INSTRUCTIONS FOR THE TASK. Nothing but an exact repeat of the data, with pictures removed, belongs in the answer.

DATA EXCERPT.

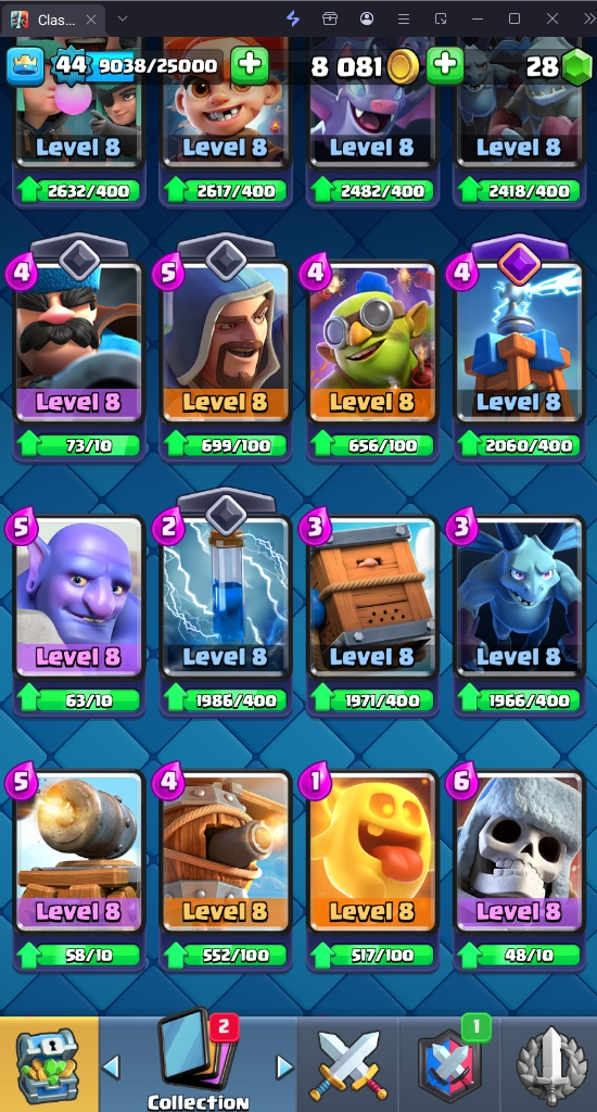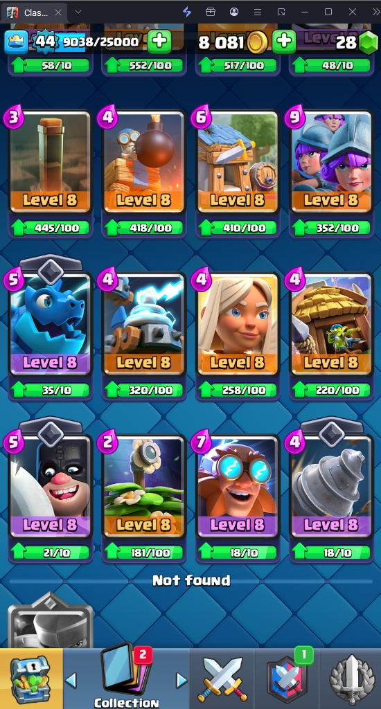 9827 TROPHY 🏆 44 LVL 💯 KT 14 👑 120 CARDS ♦️ 3 MAX CARDS 👑 3 ELITE CARDS 🔮 8 EVO 💯 EMOTE 47 🎭 #UGYGY9JVC ⸱ TAG ACCOUNT ♥️
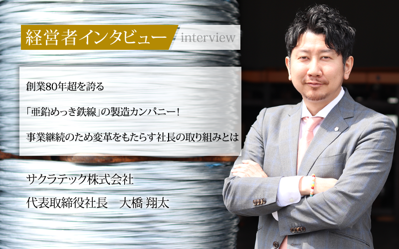 「針金を、おもろい未来の引き金に。」をミッションとして業界変革に挑戦しているサクラテック株式会社の代表取締役社長である大橋翔太氏に、経営の方針や今後の展望についてうかがった。
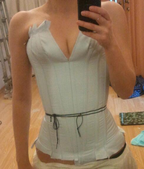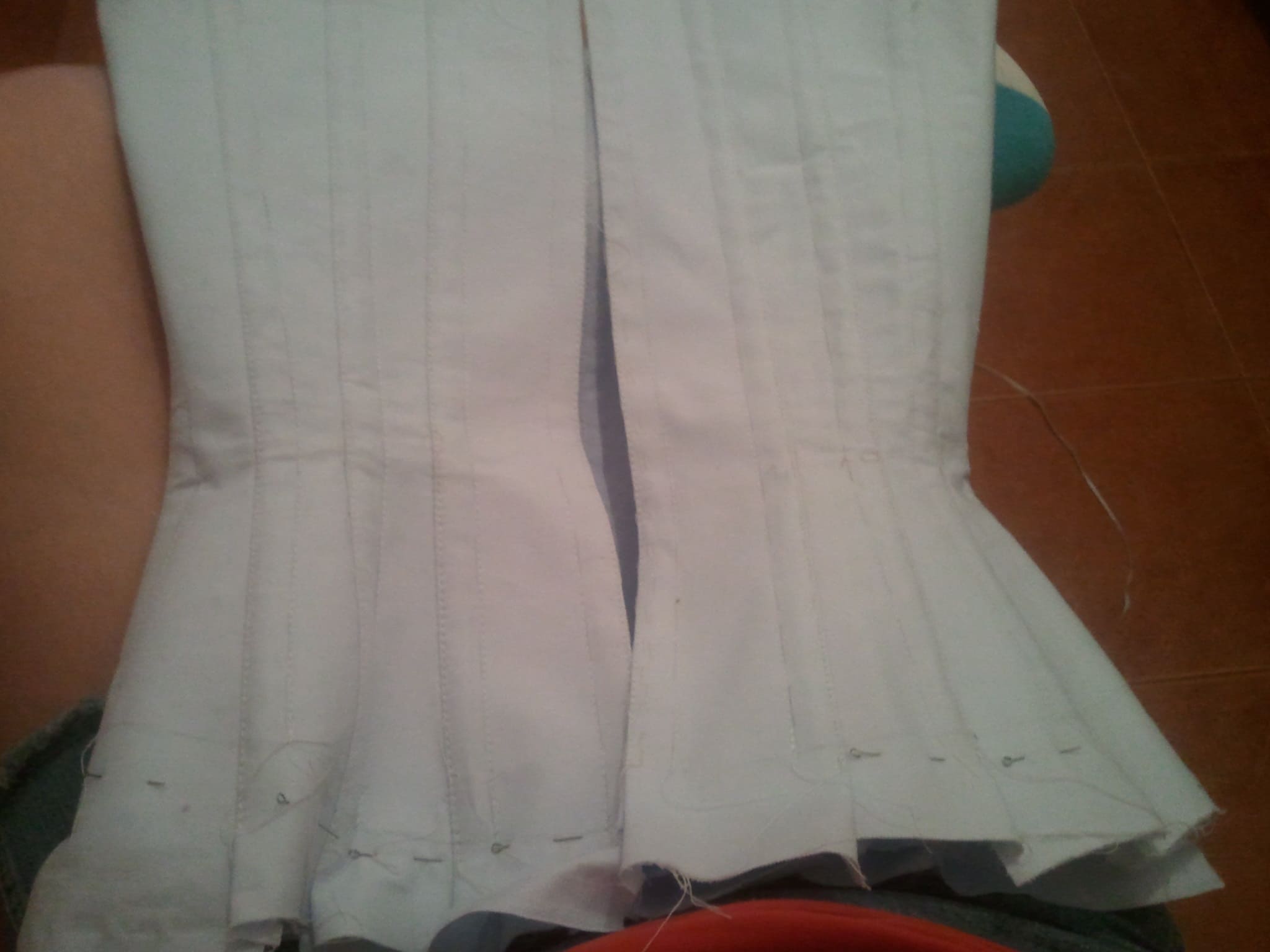 А если не спрямить, то это не исправить. Придется спрямить. Можно не до самой талии. А можно и до самой. Зазор между краями в месте шнуровки позволит вам утянуть лишнее, если что. И , я конечно не знаю как на Ваш вкус, а на мой такая резкая перетяжка в талии смотрится не очень гармонично. Это уже даже не тюльпанчик, а первая попытка начинающего стеклодува изготовить вазочку. Простите за сравнение, но такое уж у меня образное мышление. Само подсовывает образы.
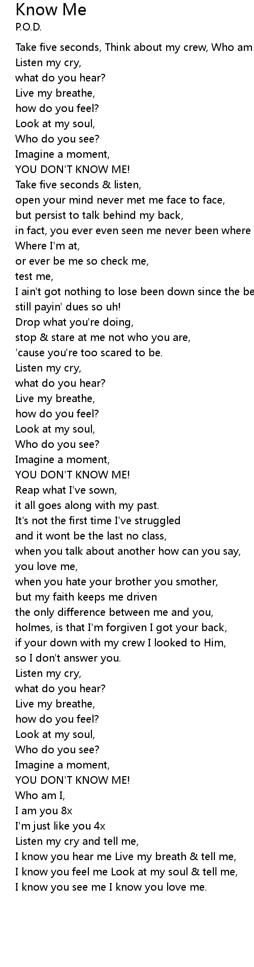 | Take five seconds, Think about my crew, Who am I...P.O.D. | |

EXERCISE SOLUTION.
 9827 TROPHY 🏆 44 LVL 💯 KT 14 👑 120 CARDS ♦️ 3 MAX CARDS 👑 3 ELITE CARDS 🔮 8 EVO 💯 EMOTE 47 🎭 #UGYGY9JVC ⸱ TAG ACCOUNT ♥️
 「針金を、おもろい未来の引き金に。」をミッションとして業界変革に挑戦しているサクラテック株式会社の代表取締役社長である大橋翔太氏に、経営の方針や今後の展望についてうかがった。
 А если не спрямить, то это не исправить. Придется спрямить. Можно не до самой талии. А можно и до самой. Зазор между краями в месте шнуровки позволит вам утянуть лишнее, если что. И , я конечно не знаю как на Ваш вкус, а на мой такая резкая перетяжка в талии смотрится не очень гармонично. Это уже даже не тюльпанчик, а первая попытка начинающего стеклодува изготовить вазочку. Простите за сравнение, но такое уж у меня образное мышление. Само подсовывает образы.
 | Take five seconds, Think about my crew, Who am I...P.O.D. | |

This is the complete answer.